Santamaría: Jade is who I wish I had been at their age. From the moment I met them, I was struck by their freedom, intelligence, and sensitivity, and on top of that, they loves to dance, and does it beautifully. When I met their mother, father, and sister, I fully understood how much I loved the possibility of working with them. Having dinner at their house reminded me so much of evenings with my mother, my father, and my brother. In some way, I felt like I was visiting what my own home had been like when I was a child.

At the same time, the process of building the characters was always bidirectional. I wanted them to be nourished not only by my memory or imagination, but also by Jade’s,  the same with Lázaro, with Sofía, with Tere. We created a dynamic that I loved very much: we exchanged a notebook in which we would leave something we wanted to offer to the character, personal memories, dreams, stories, drawings, photographs, whatever came to mind. It helped us build the characters, but it also helped us get to know one another and bond. And within that process of getting to know each other, the characters of the film began to emerge.
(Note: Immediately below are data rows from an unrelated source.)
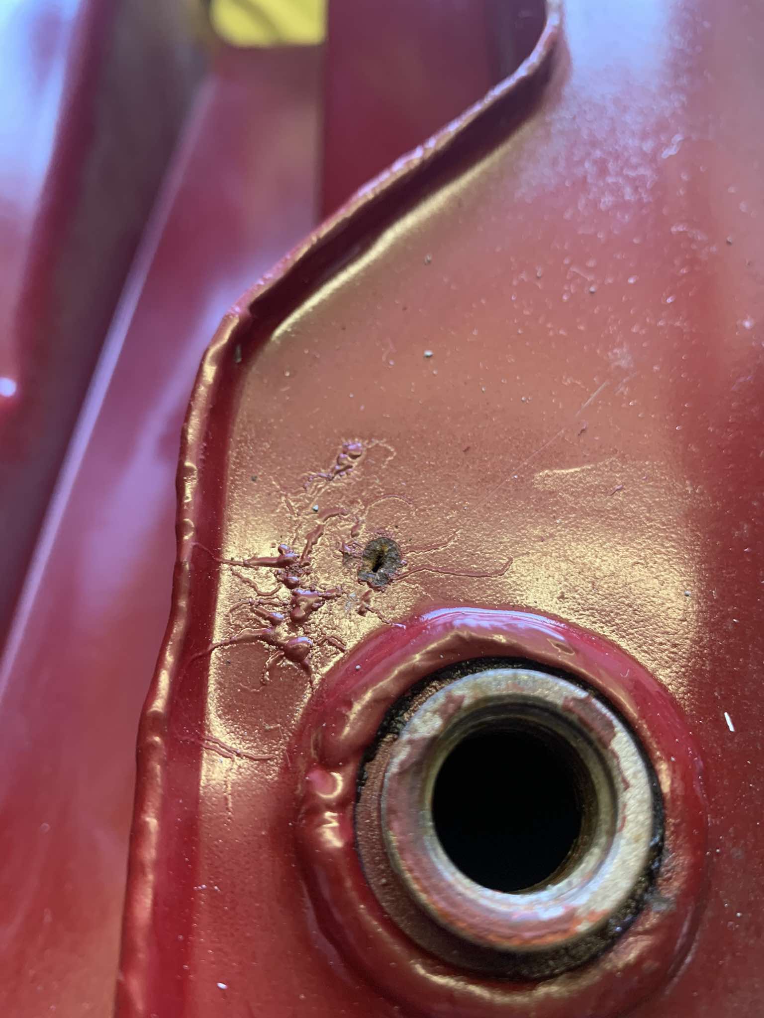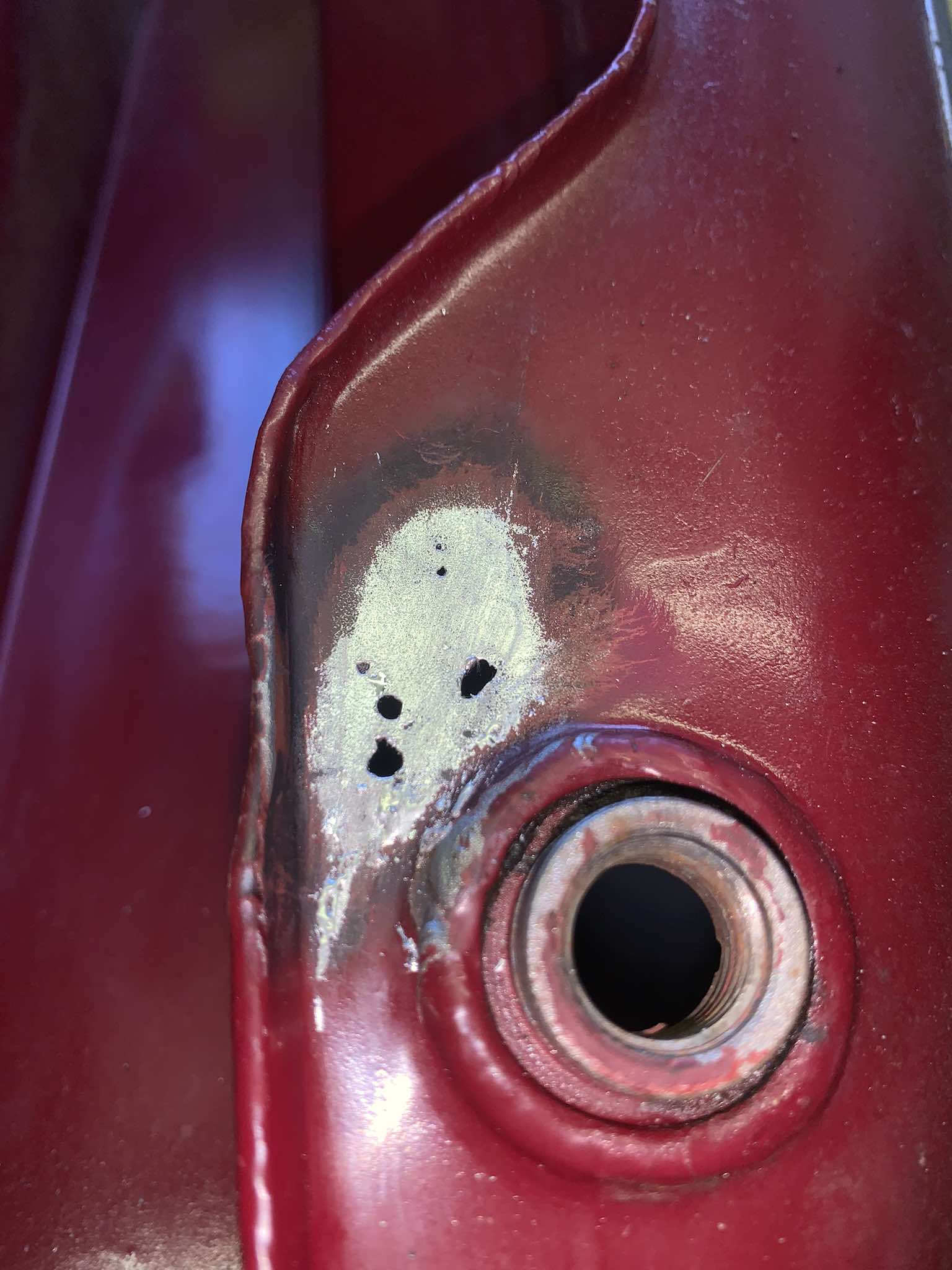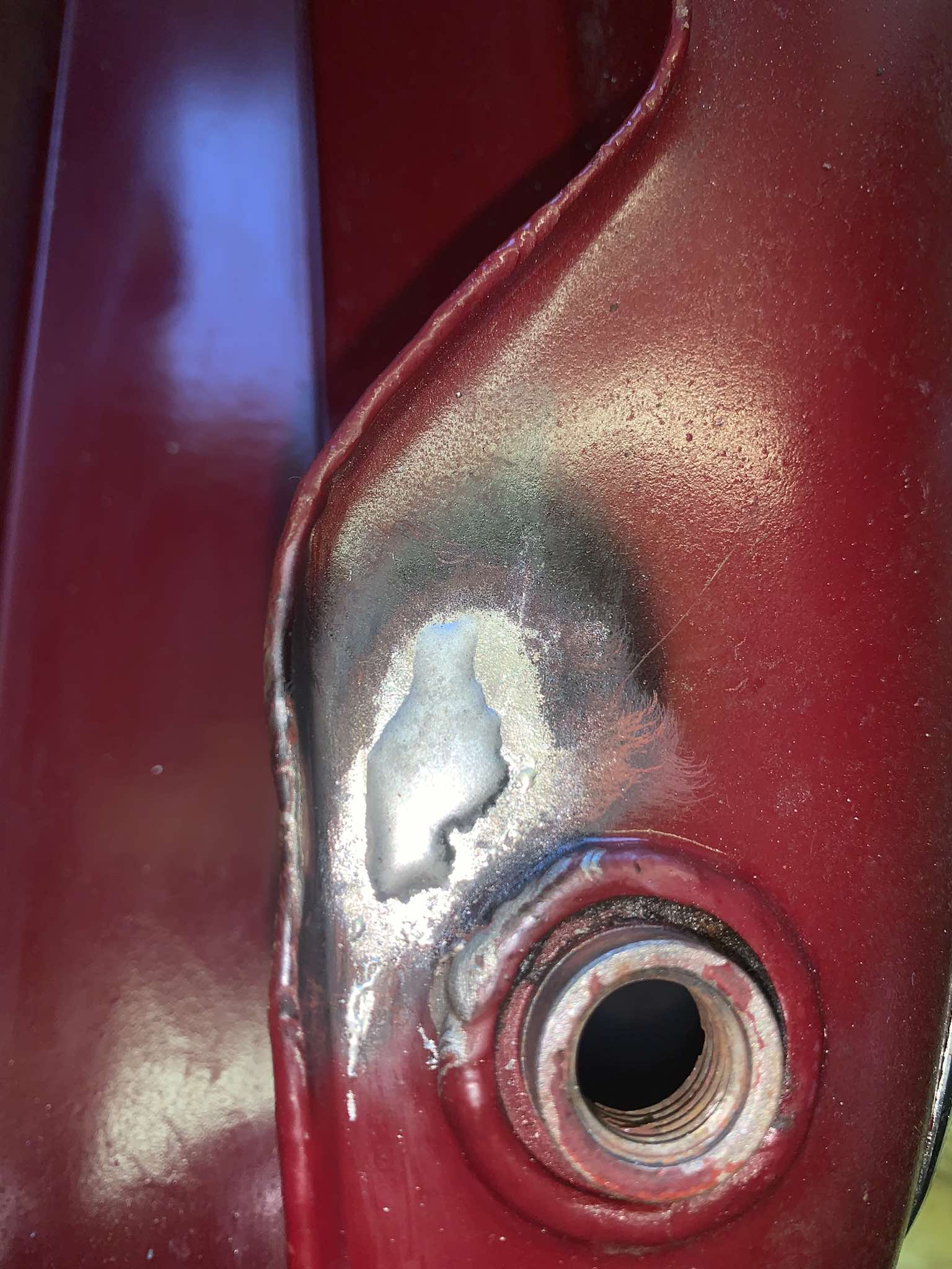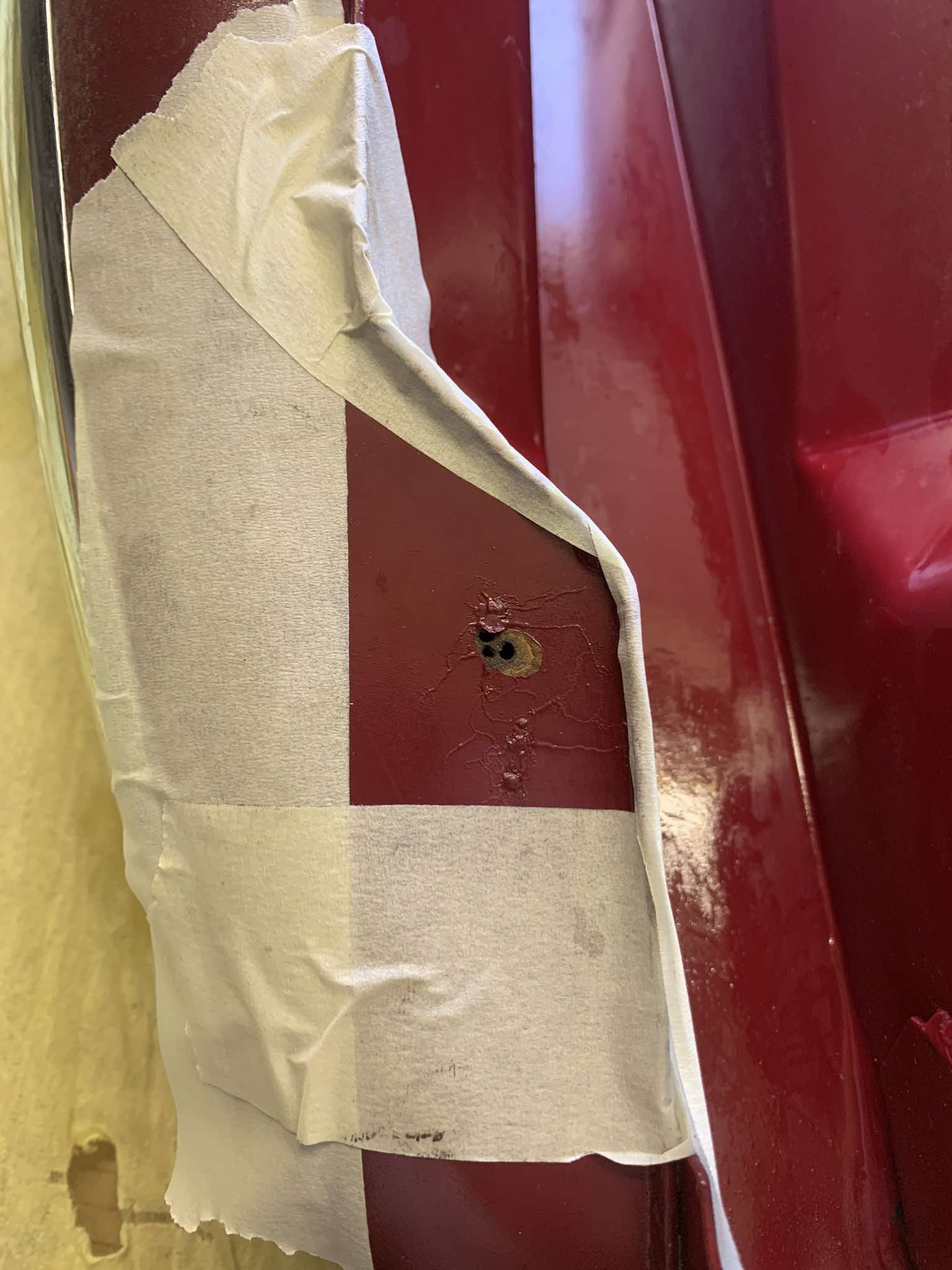 Zadání od zákazníka znělo jasně: Opravit nádrž jednoduše a s co nejmenším poškozením původního laku. Z původních 3 děr se vyklubala rozsáhlejší akce. Nádrž byla prorezlá na několika místech a proto jsme se vydali cestou zacínování. Po domluvě se zákazníkem byl cín pouze lehce zbroušen, aby si to zachovalo silnější vrstvu materiálu v poškozeném místě. Opravu laku si bude dělat zákazník sám.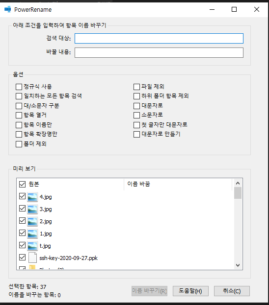 바꾸고자 하는 파일들을 선택 후 오른쪽 클릭하고 PowerRename을 실행합니다.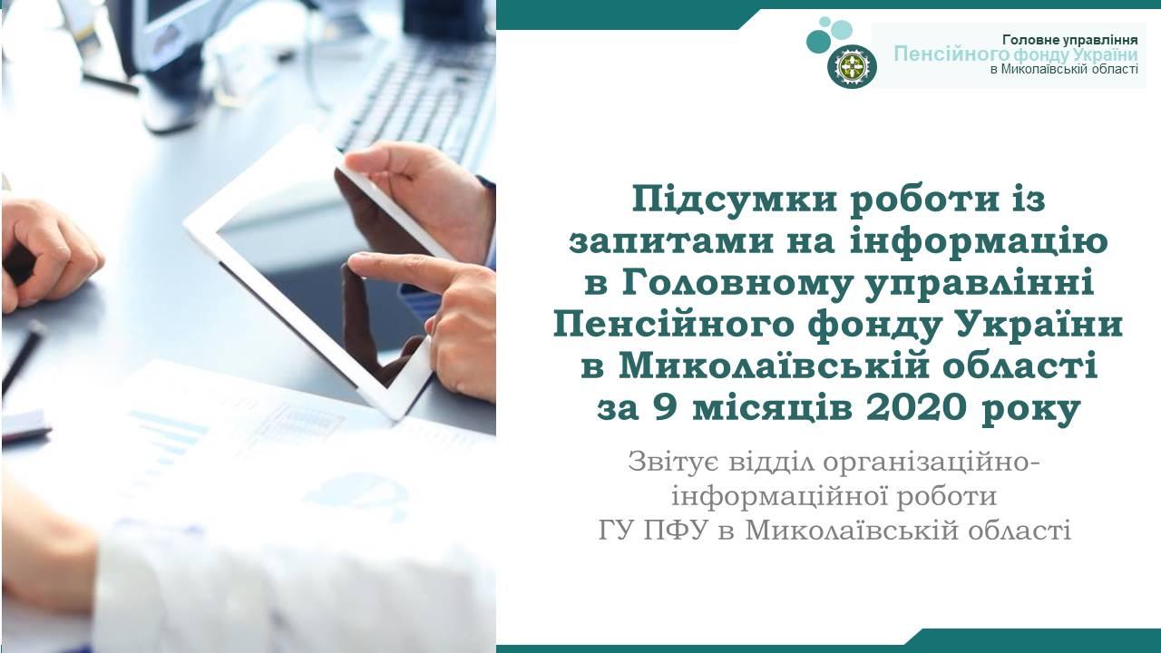 Підсумки роботи із запитами на інформацію в Головному управлінні Пенсійного фонду України в Миколаївській області за 9 місяців 2020 року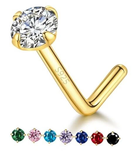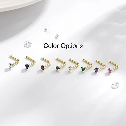 Return Policy Fast Delivery Trusted seller 14k Gold Plated Sterling Silver Small L Shaped Nose Rings Studs for Women Men 20g, 20 Gauge Nostril Nose Piercing Jewelry, Hypoallergenic Gold Nose Stud with Tiny CZ Diamond Product Description ✦ Stunning Shine: Upgrade your style with our elegant gold nose rings studs. Crafted with care, our 20g nose studs feature 2.5mm dazzling cubic zirconia cz diamond, set in sterling silver for a touch of luxury. ✦ Effortless Elegance: Make a statement with our variety of nose ring studs for women. From hypoallergenic options to unique designs, find your perfect piece of nose jewelry and express your individuality. ✦ Stylish Versatility: Discover the perfect nose piercing studs to match your mood. Our 14k gold nose studs collection include: Pink Crystal, Black CZ,Green Emerald, Blue Aquamarine, Purple Amethyst, Red Garnet, Blue Sapphire, cute corkscrew designs for all-day comfort. ✦ On-Trend Accessories: Elevate your nose ring game with our selection of l shaped nose rings for women. Please check our store for chic nose rings hoops, double hoop nose rings or stud nose rings, and experiment with different styles to stand out in any crowd. ✦ AMERICAN OWNED: Based in sunny California, proudly operated by a small business owner from the USA. Shipping Returns Payment Shipping Shipping is FREE to all addresses other than APO/PO boxes in the lower 48 states. All our stock ships from US-based warehouses. Shipped via USPS or UPS (depending on location and package weight) Unless stated otherwise, all orders will ship within 24-72 hours of your payment being processed. Check our feedback to see the great reviews of FAST shipping we offer. Returns Seller does not accept returns Payment We currently accept payment via eBay managed payments only. Once payment is cleared, we will dispatch your shipment within 1-3 business days. Please refer to the "Shipping" tab for more information regarding shipping speed to your destination.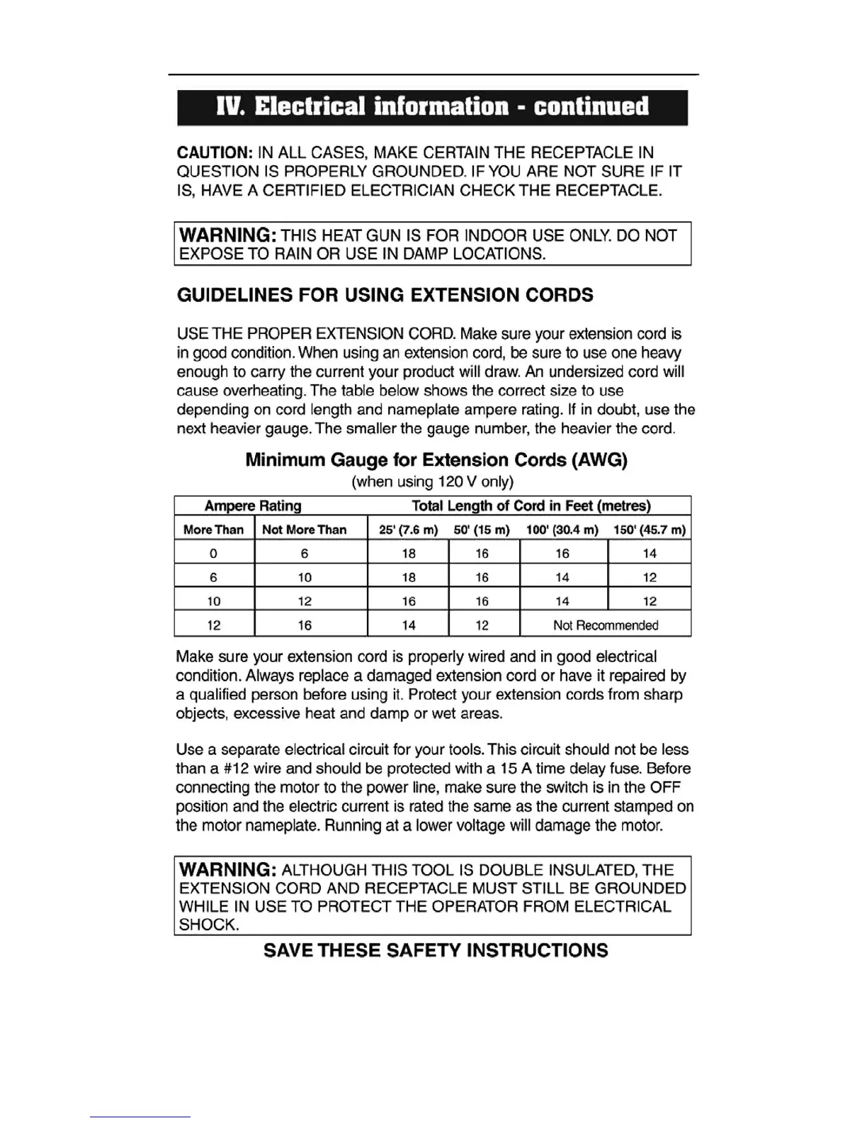 ATD Tools ATD-3736 - Electrical Information - Continued; Receptacle Grounding Verification; Extension Cord Guidelines; Circuit and Voltage Requirements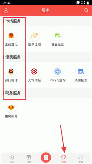 4、服务板块涵盖市场服务、便民服务、税务服务,为用户提供各类政务及生活便民服务。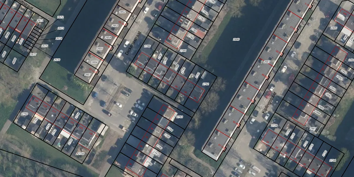 Gebruik de zoekbalk of klik op een perceel voor informatie over de adressen binnen dit perceel.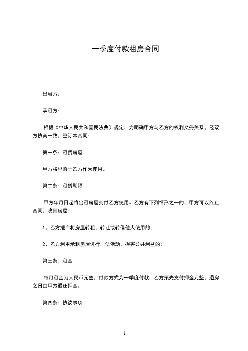 每月租金为人民币_____元整,付款方式为一季度付款,乙方预先支付押金元整,退房之日由甲方退还押金。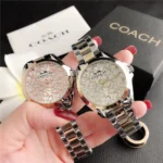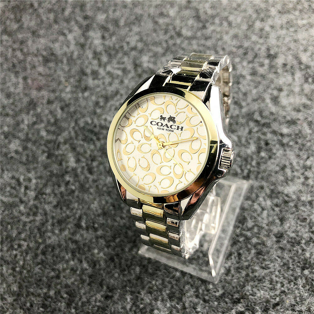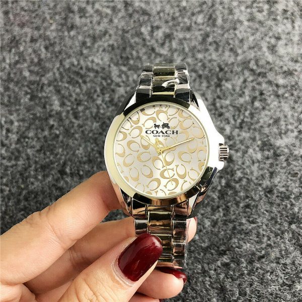 Γυναικείο ρολόι COACH Luxury, αναλογικό, silver-gold, αδιάβροχο μέχρι 3 Atm (πλύσιμο χεριών)! Το μπρασελέ αλλά και το καντράν είναι από ανοξείδωτο ατσάλι! Πολυτελής σχεδιασμός στο εσωτερικό του καντράν! Εκθεσιακό κομμάτι βιτρίνας καταστήματος, προηγούμενης σεζόν χωρίς την αρχική του συσκευασία. Διάμετρος καντράν 3,8 εκατοστά! Απαράμιλλη τελειότητα και ομορφιά στο χέρι σας!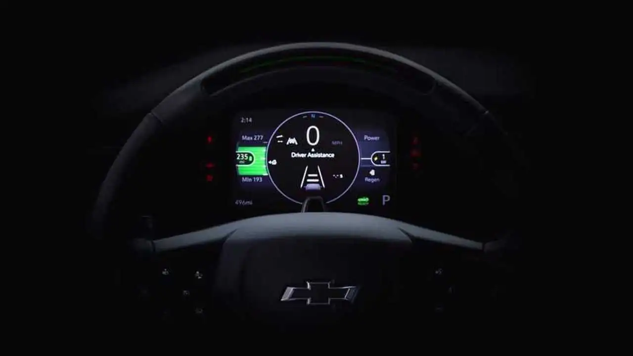 На видео демонстрируется рулевое колесо с кнопками управления автопилотом GM Super Cruise, который впервые появится на автомобиле марки Chevrolet, а также показатели на приборном дисплее. Последние и привлекли наше внимание, а точнее данные о запасе хода.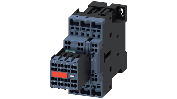 The Siemens SIRIUS 3RT2 series is a power contactor for switching motors. It has a size of S0. It has power rating of 11 kW. The design of surge suppressor is with plug in diode combination. The type of electrical connection for main current circuit and for auxiliary and control current circuit is through spring-loaded terminal. It has captive auxiliary switch. They offer convincing performance from a compact design with high contact reliability. They can be combined with a variety of other components in the load feeder. The contactors offer the best connection to the automation level for every application direct or via PLC input. The contactor are climate-resistant and approved for worldwide use e.g. IEC and UL/CSA.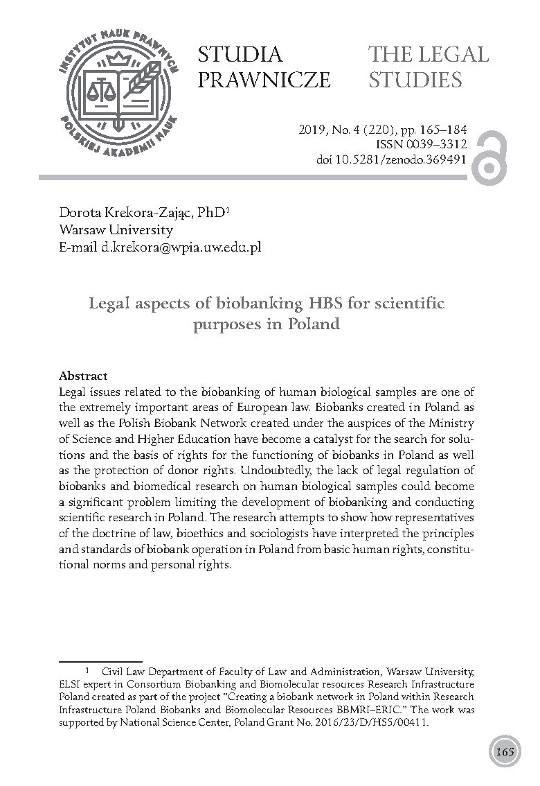 - Krekora-Zając D., O konieczności regulacji prawnej biobanków, ”Państwo i Prawo” 2012, no. 7.

The cast worked well together.

Santamaría: The entire team who made this film gave love, heart, and an enormous amount of time to make it possible. I’m deeply grateful to everyone. But I especially want to mention Sofía Espinosa and Teresa Sánchez, two people with whom I also shared a very deep and long process. Sofía and Tere were the first people confirmed for the roles of Diana and Tere. I began working with them while I was still writing the script.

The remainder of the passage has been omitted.